I jest, mostly. if a DJ is keeping people on the dance floor, he’s doing his job. If his audience wants to hear top-40 hits from the mid 90’s, it’s just his responsibility to queue up the Blues Traveler and let his audience have fun. A hallmark of a good DJ is figuring out what makes his audience tick (and ignoring that one drunk guy requesting the Ghostbusters Theme for the fourth time that night.)

But depending on the skills of the DJ in question, and the context of the venue, he may be doing little more than matching the beat of the outgoing track to the incoming track. If your DJ is competent, you shouldn’t hear a jarring change between the rhythm of two songs, even if they’re mostly at two completely different tempos.

Other DJs will actually mix on the fly, using each of those incomprehensible buttons to add in beats, sounds or sampled segments in rhythmic loops to create a song. Or, it can be something in between, where the DJ will jazz up songs, by mixing in segments of other songs or adding other musical layers on top of it.

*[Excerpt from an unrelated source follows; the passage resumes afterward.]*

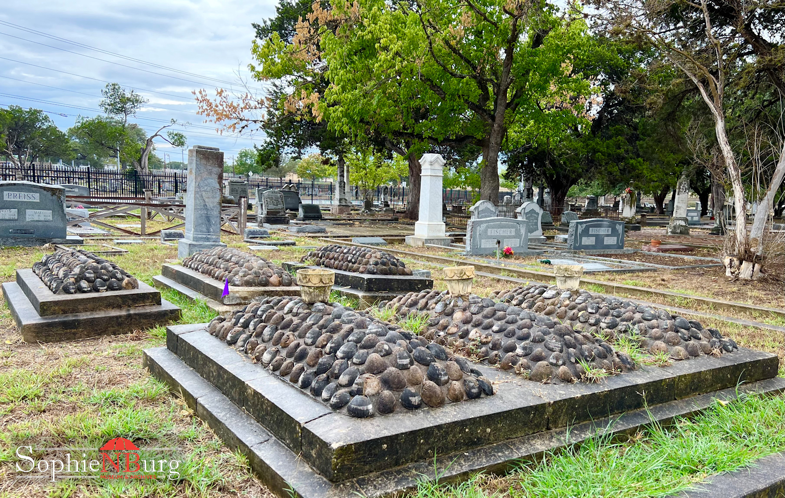 In the meantime, Mordhurst developed this technique of decorating graves. Using a wooden form to create a mound, he covered it with iron mesh, and then poured concrete into the mold. Cockleshells from the Texas coast were brought to NB by train in barrels. They were filled with cement and a wire was twisted inside before they were attached. Mordhurst died in 1928 and that was the end of the shell-covered graves.

You’ve probably seen those times when the dance floor is packed, then a new song comes on and everyone drifts away. Good DJs don’t do that. They can read the crowd and know what to play next - bring the energy up, slow it down, etc.

I’m guessing since you said the percussion was a bit repetitive, it was electronica and the DJ was mixing one song into the next without a distinct switch. With software that matches the beats of two songs, it’s not as technically challenging as it used to be when they had to manually match the tempo and downbeat by altering the turntable speed (or at least it’s a different technical challenge). But the DJ still has to know what two songs will mix well together and at what point one needs to start. That requires knowing thousands of tracks in detail.

Here’s a video with The Sklar Brothers really funny routine about the strip club dj

Moved to Cafe Society.

Colibri
General Questions Moderator

This…but I will add to it. Plays the right tracks in the right order that his crowd wants to hear. That makes a good DJ that’d I’d pay to go see.

Now from a bar owners’ perspective, a good resident DJ at a local bar knows the above and also when to empty a dance floor and drive everyone to the bar to buy drinks.

Technology has made it easy to be a bad disc jockey. Most have a good knowledge of EDM (electronic dance music) from Kraftwerk (circa 1978) to the biggest Las Vegas names, like Steve Aoki, who recently hosted an excellent radio show where he played his favourite music from the last 30 years.

Good songs have a very catchy rhythm or hook, with these songs endless similar variations are still being played years later. Some songs are particularly innovative. Many songs are popular for a week and fade into obscurity.

The best DJs don’t overplay a given artist (here’s more Drake!), can read the audience and keep people rushing to the dance floor (they’re playing this song!), can educate the a audience a bit without condescension, mix good songs of similar rhythm together well, play a variety of beats or musical sub genres, have a low key style (look at me! My name is on a billboard!), may have interesting video…

I suspect that luck has something to do with establishing a name, along with gigs in places like Ibiza and Vegas, but there is a real difference between a good and great DJ, even if not well described here. Seamless transition, every song perfect, completely control the mood and audience.